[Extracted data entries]
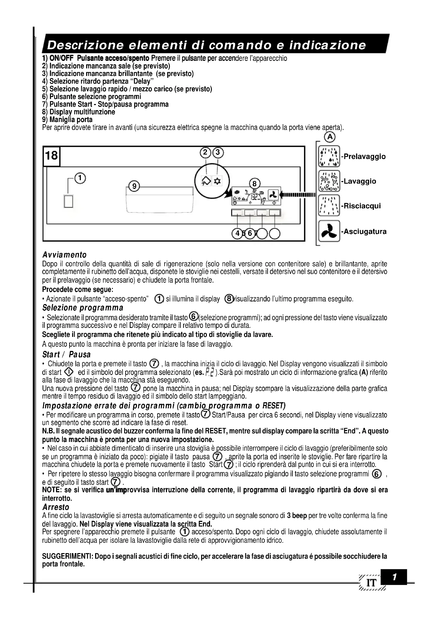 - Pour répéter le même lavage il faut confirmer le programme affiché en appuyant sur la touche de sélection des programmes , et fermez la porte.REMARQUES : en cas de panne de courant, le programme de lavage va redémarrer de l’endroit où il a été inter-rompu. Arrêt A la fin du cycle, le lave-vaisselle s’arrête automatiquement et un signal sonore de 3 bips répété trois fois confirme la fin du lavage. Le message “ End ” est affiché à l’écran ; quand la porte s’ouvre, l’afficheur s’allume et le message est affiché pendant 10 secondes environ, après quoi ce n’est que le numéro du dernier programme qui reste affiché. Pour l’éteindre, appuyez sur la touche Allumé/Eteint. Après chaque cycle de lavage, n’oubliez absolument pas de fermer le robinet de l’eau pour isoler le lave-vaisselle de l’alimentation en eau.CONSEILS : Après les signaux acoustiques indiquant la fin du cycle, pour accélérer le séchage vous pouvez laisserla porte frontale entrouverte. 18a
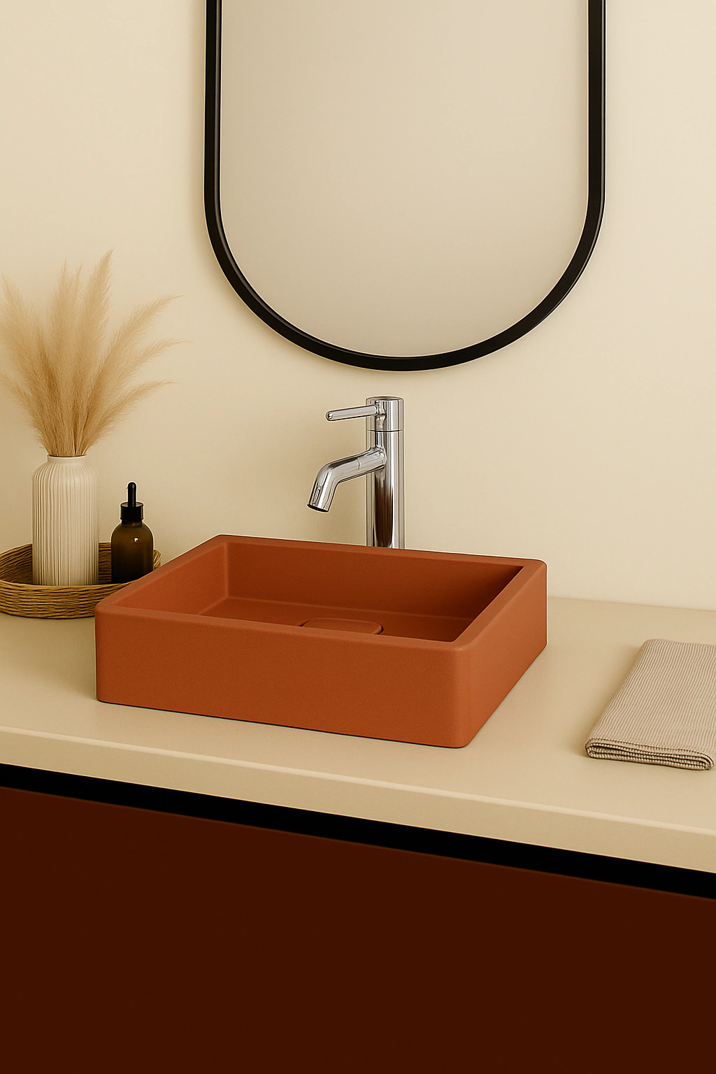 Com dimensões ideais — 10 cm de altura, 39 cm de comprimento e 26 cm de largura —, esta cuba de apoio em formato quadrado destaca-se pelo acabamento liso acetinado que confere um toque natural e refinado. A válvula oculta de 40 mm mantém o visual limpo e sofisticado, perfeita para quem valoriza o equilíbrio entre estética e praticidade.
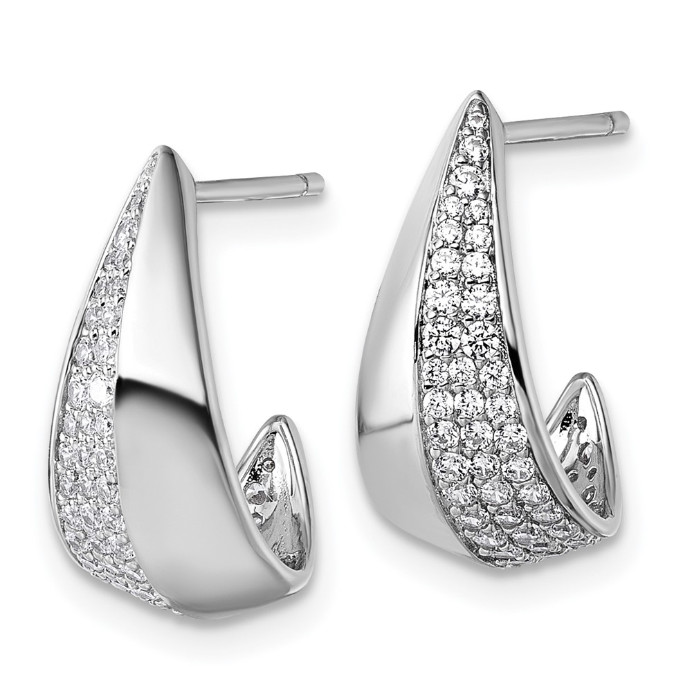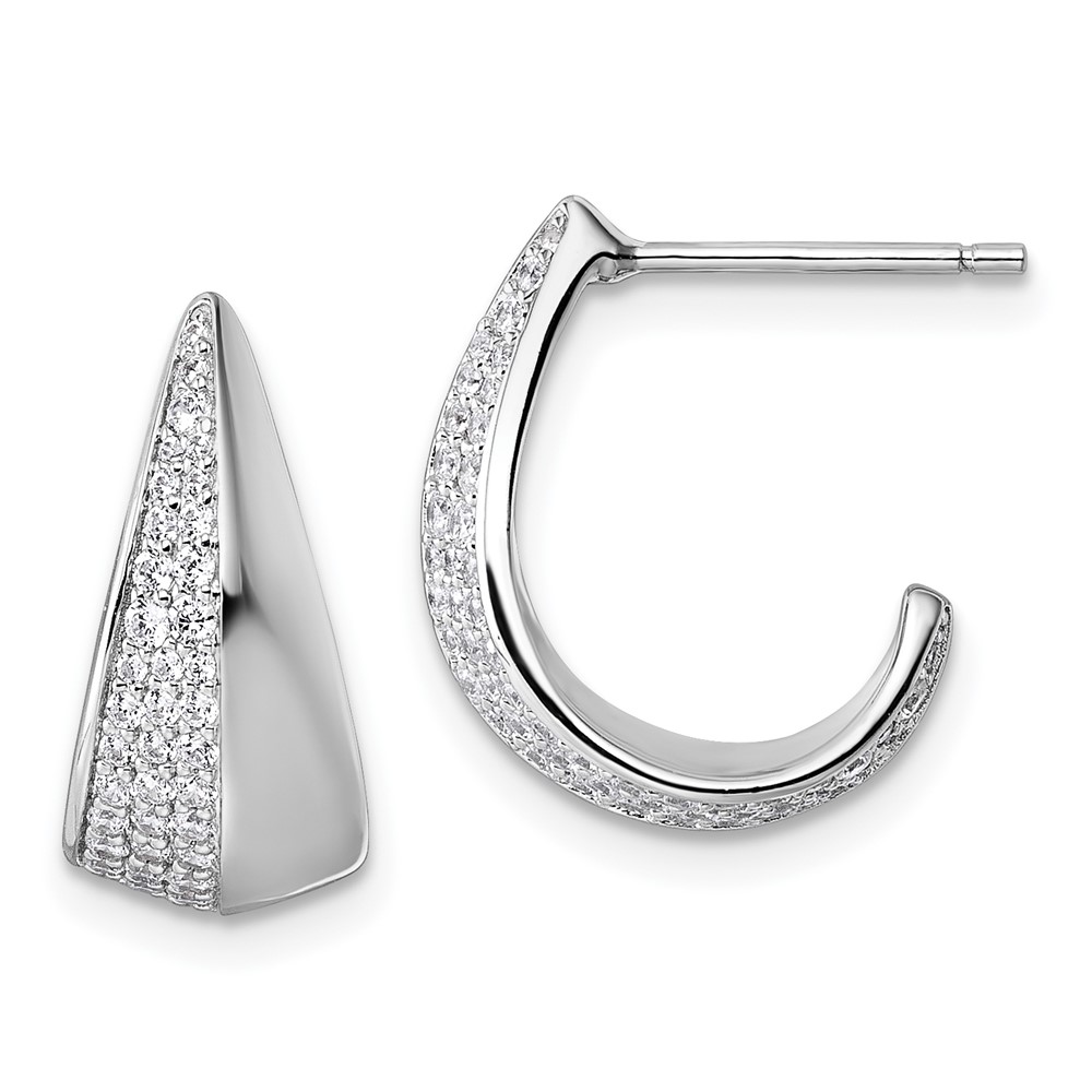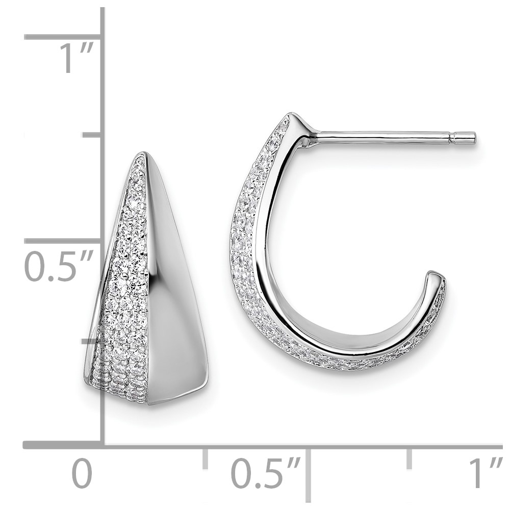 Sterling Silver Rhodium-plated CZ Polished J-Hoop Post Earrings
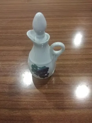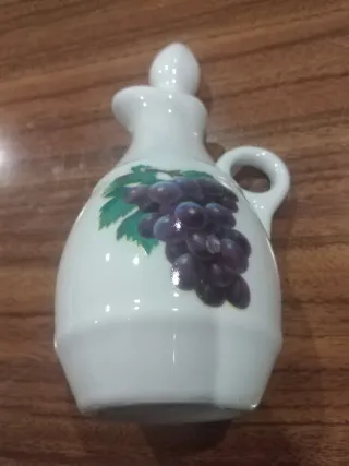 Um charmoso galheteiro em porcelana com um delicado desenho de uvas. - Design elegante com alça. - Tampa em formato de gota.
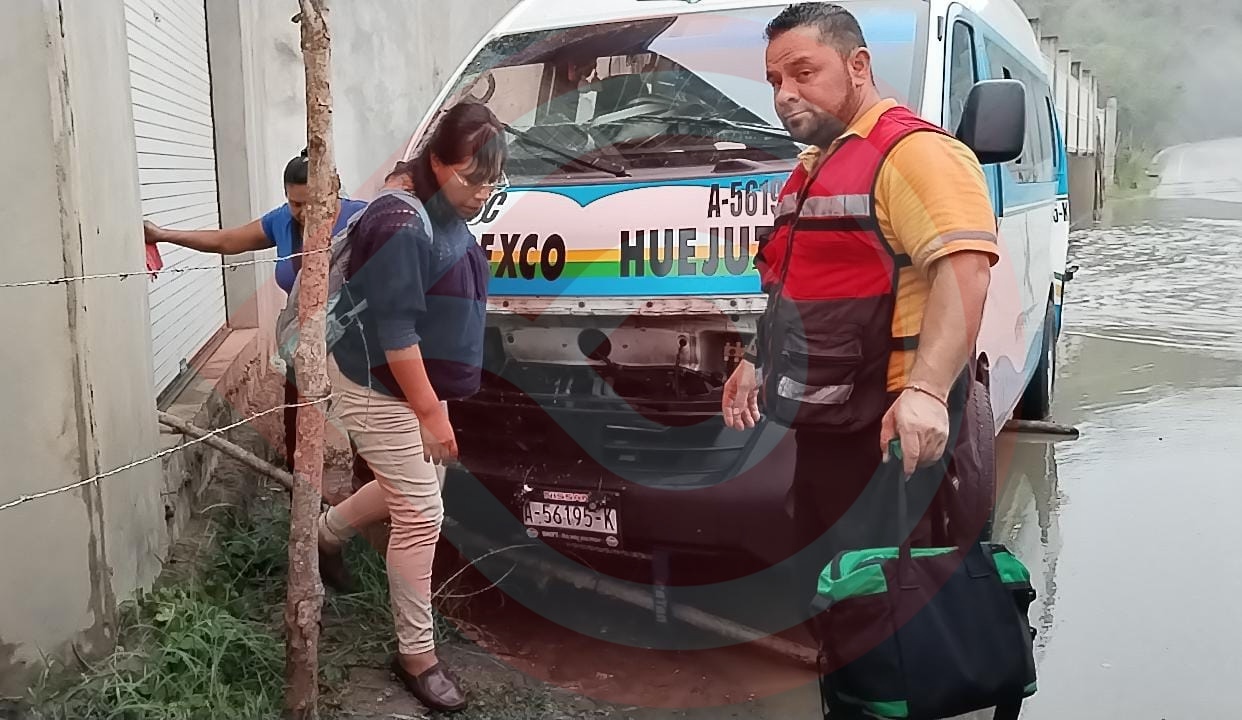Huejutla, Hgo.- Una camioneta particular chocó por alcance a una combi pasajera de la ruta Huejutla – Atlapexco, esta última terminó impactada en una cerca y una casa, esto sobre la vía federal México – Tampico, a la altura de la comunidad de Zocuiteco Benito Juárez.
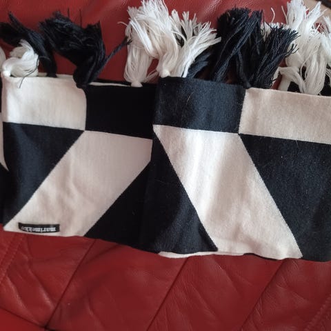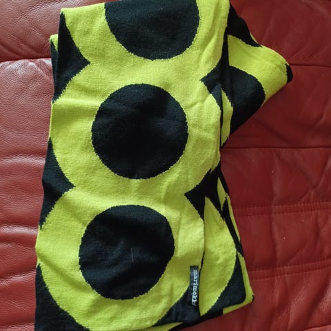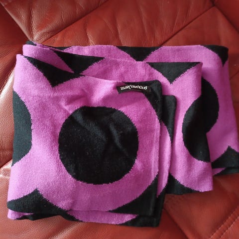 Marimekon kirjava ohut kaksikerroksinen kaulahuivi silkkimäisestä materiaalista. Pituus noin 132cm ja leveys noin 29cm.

**Problem statement**
Exactly the lines above, from the one containing "Sterling Silver Rhodium-plated" down to the one containing "Um charmoso galheteiro", are to be repeated, including both ends. Pictures are not part of the copy.

**Answer to this exercise**
 Sterling Silver Rhodium-plated CZ Polished J-Hoop Post Earrings
 Um charmoso galheteiro em porcelana com um delicado desenho de uvas. - Design elegante com alça. - Tampa em formato de gota.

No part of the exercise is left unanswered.